◆ **Task to complete**: Return all of the data exactly, with nothing left out but the pictures.

◆ **Data block**:
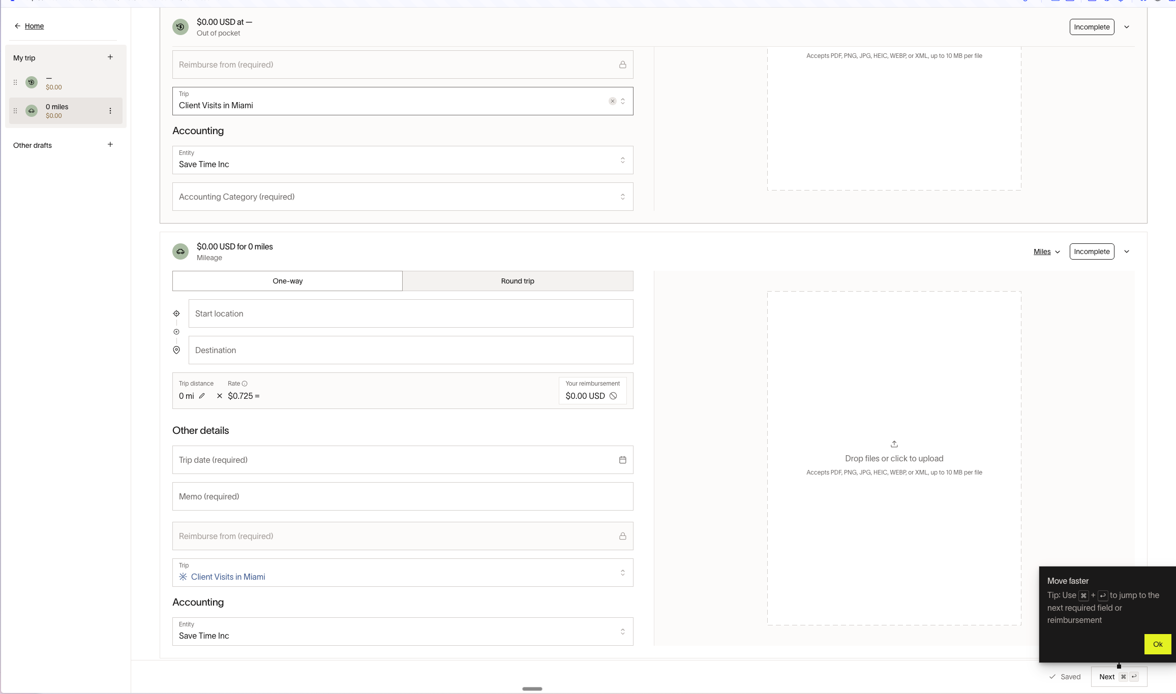 Regarding trip optionality - this can be alleviated by setting up an expense policy that’s condition on which fund you’re spending from. For example, if you travel infrequently, but those travel expenses are for client visits, it may make sense for your admin to set up a “Client Visits” fund that requires trip. Then, for your general expenses, trip can remain optional.
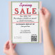 Elegant Spring Sale in pastel blush pink and sage green. Jewelry or any business type supplies. Insert Sale price and date details. Upload Your Logo, or delete to leave area blank. Insert Name and Website or other contact QR Code. Spring written in pink script. Sale written in large red typography. Thank You is written inside large white heart on backside. Original Design by TamiraZDesigns.
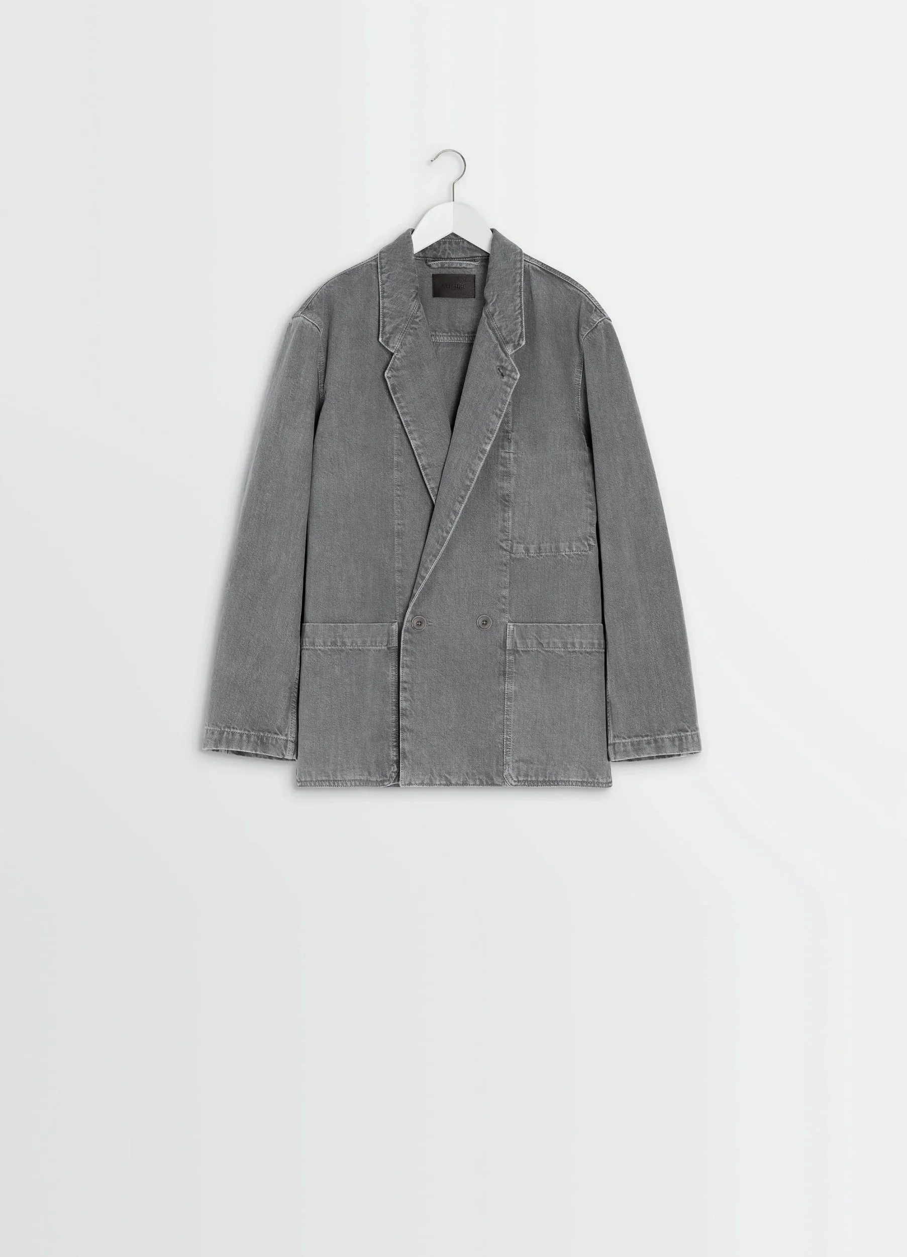 Inspired by Lemaire's taste for the link between comfort and elegance, this blazer is in keeping with the workwear spirit dear to the house. It is made from thick denim that has been garment-dyed to give it a snowy patina. DETAILS Workwear blazer in garment-dyed denim with a snow wash Oversized cut Tailored collar with buttonhole and under-button collar Long sleeves Crossover button closure Patch side pockets Inside patch pocket Interior Lemaire embossed leather label Made in Morocco Style : JA1062 LD1062 The model is 177 cm tall and is wearing a size 36 (S). FABRICS & CARE Main Material: 100% Cotton Jacron: 100% Cow Leather
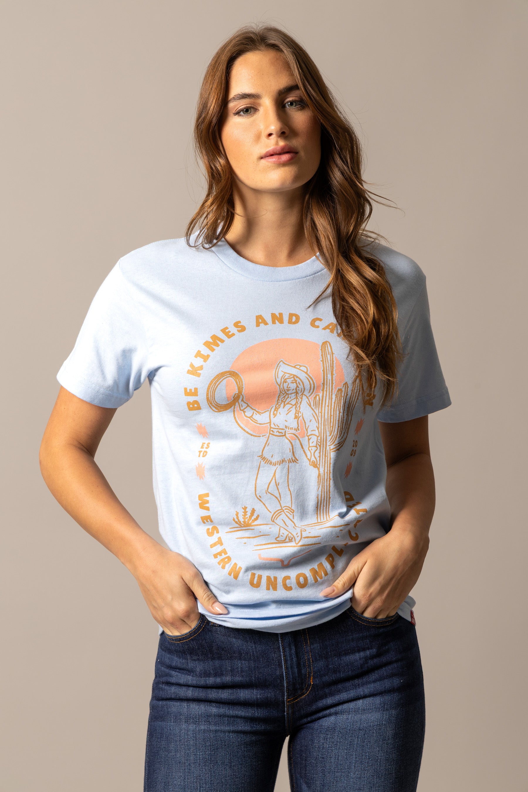 The Be Kimes Tee celebrates the heart of the West—resilience. grit. and the freedom to live boldly. Featuring a desert-inspired graphic of a cowgirl embracing the Western lifestyle across the same rugged landscape Kimes Ranch calls home. this tee embodies authentic Western spirit.

◆ **Exercise answer**:
 Regarding trip optionality - this can be alleviated by setting up an expense policy that’s condition on which fund you’re spending from. For example, if you travel infrequently, but those travel expenses are for client visits, it may make sense for your admin to set up a “Client Visits” fund that requires trip. Then, for your general expenses, trip can remain optional.
 Elegant Spring Sale in pastel blush pink and sage green. Jewelry or any business type supplies. Insert Sale price and date details. Upload Your Logo, or delete to leave area blank. Insert Name and Website or other contact QR Code. Spring written in pink script. Sale written in large red typography. Thank You is written inside large white heart on backside. Original Design by TamiraZDesigns.
 Inspired by Lemaire's taste for the link between comfort and elegance, this blazer is in keeping with the workwear spirit dear to the house. It is made from thick denim that has been garment-dyed to give it a snowy patina. DETAILS Workwear blazer in garment-dyed denim with a snow wash Oversized cut Tailored collar with buttonhole and under-button collar Long sleeves Crossover button closure Patch side pockets Inside patch pocket Interior Lemaire embossed leather label Made in Morocco Style : JA1062 LD1062 The model is 177 cm tall and is wearing a size 36 (S). FABRICS & CARE Main Material: 100% Cotton Jacron: 100% Cow Leather
 The Be Kimes Tee celebrates the heart of the West—resilience. grit. and the freedom to live boldly. Featuring a desert-inspired graphic of a cowgirl embracing the Western lifestyle across the same rugged landscape Kimes Ranch calls home. this tee embodies authentic Western spirit.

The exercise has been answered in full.